An order of magnitude is not comparable. It's a huge difference in this
area. Also, I am surprised you haven't referenced [2], which has been
discussed a few times here on the time-nuts mailinglist. The SDR method
Sherman and Jördens used is, as far as I am aware of, the current record
holders in terms of phase difference measurement precision.

> The resolution derives from the averaging inherent in a least-square fit:
> a fit of O(10^4) points will enhance the resolution for stationary random
> noise processes by a factor O(10^2). 

This is a very cumbersome way of writing that if you average over
a Gaussian i.i.d random variable, the standard deviation will go
down with square root of the number of samples. 

Please note here that you have the inherent assumption that your
random variable is Gauss i.i.d. This assumption is _not_ true
in general and especially not in high precision measurments.
You need to state explicitly why you think your random variable (noise)
is i.i.d and need to verify it later.

Also, writing O(10^4) is not how O-notation works. See [3] for details.
People I work with would not consider this not just sloppy notation,
but plain wrong. So please be careful about it.

> Since the fit phase depends on the values of the signal over many cycles,
> it is insensitive to artifacts near the zero-crossing and to dc offsets.

This is not true. The quality of the least-square fit of a sinusoid
depends to quite big extend on the correct estimation of the DC offset.
Hence low frequency noise on the signal will detoriate the quality of
the fit.

> Data analysis was performed by a Python routine which read each file and
> performed a least-squares fit of the unknown and reference signals to a
> function of the form
>                   S(t) = A sin (2*pi*f0 t + phi) + epsilon     
> where A is the amplitude, pi the phase, f0 the frequency, and epsilon the
> DC offset. The fitting routine used was the curve fit method of the
> scipy.optimize library. The fit finds the values of these parameters which
> minimize the residual R defined by
>              R =1/N*sum^N_i=0(|D(i)-S(i*t_c)|^2)

You are doing a linear least squares fit over a non-linear function.
Yes, one can do that, but it will not going to be good. Your objective
function is definitely not well chosen for the task at hand. Due to the
way how LS works, the estimate quality for the amplitude will have an
effect on the estimate quality of your phase. Or in other words,
amplitude noise will result in estimation error of your phase, additional
to the phase noise you already have. I.e. you have an inherent AM noise
to PM noise conversion. You do want to change your objective function such,
that it rejects amplitude noise as much as possible. The DD and DMDT
approaches do this by the use of a phase detector. 
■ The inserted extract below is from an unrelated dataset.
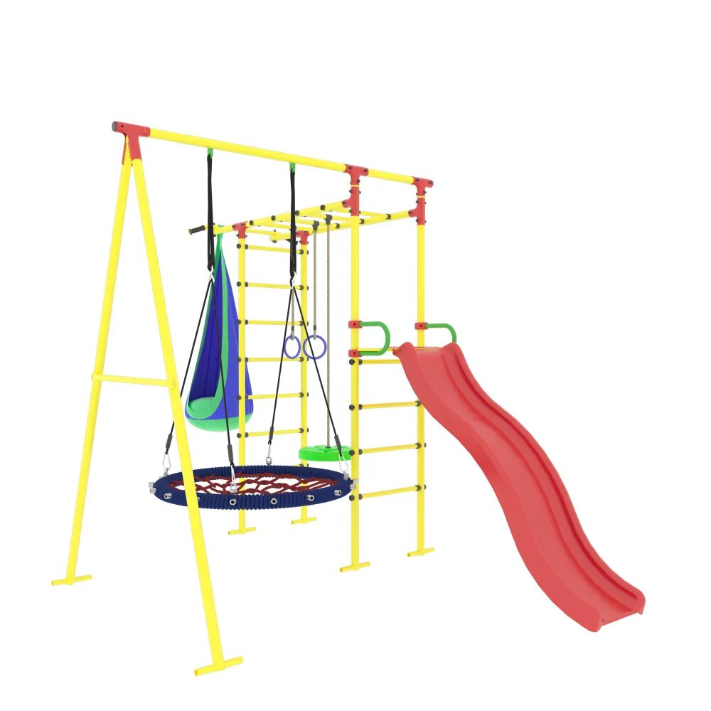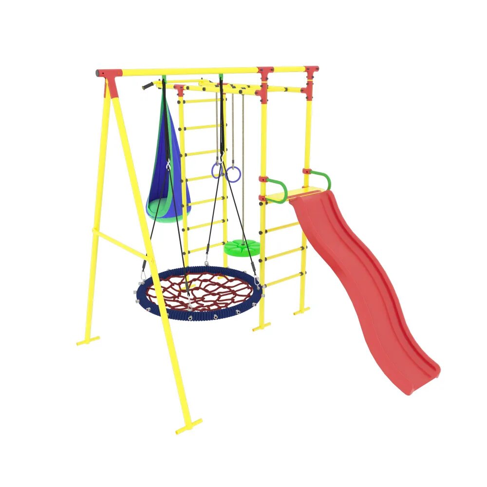 | Комплектация | Гимнастические кольца, Канат, Качели, Кольца, Лестница, Навесное оборудование, Перекладина, Рукоход, Тарзанка, Турник, Шведская стенка |

> The inset shows a histogram of the data which follows a Gaussian
> distribution with a standard deviation sigma of 220 fs. This is somewhat
> greater than the timing jitter specified for this ADC which is about
> ~= 140 fs. Note that during this run, which lasted for 1000 sec, the
> phase of each channel varied over the full 100 nS period of
> the inputs, while their difference had a sigma = 220 fs, a ratio of
> 3e-6

Note that the aperture jitter for the ADC is an _absolute_ 
value, which is larger than the relative aperture jitter between
the two channels. The reason why your jitter is so large could be
also due to a noisy local oscillator, which does not fully cancel
out.

> One of the simplest methods of estimating the power of a fitting algorithm
> is to compute the Cramers-Rao lower bound[14]. In this case we want to 
> estimate the standard deviation of the phase sigma_phi resulting from a
> least-square fit to a noisy sinusoidal signal. Assume a sinusoidal signal
> of amplitude A with white Gaussian additive noise with a standard deviation
> sigma_A . Then the Cramers-Rao lower bound is given by
>     sigma_phi = (sigma_A*C)/(A*sqrt(M))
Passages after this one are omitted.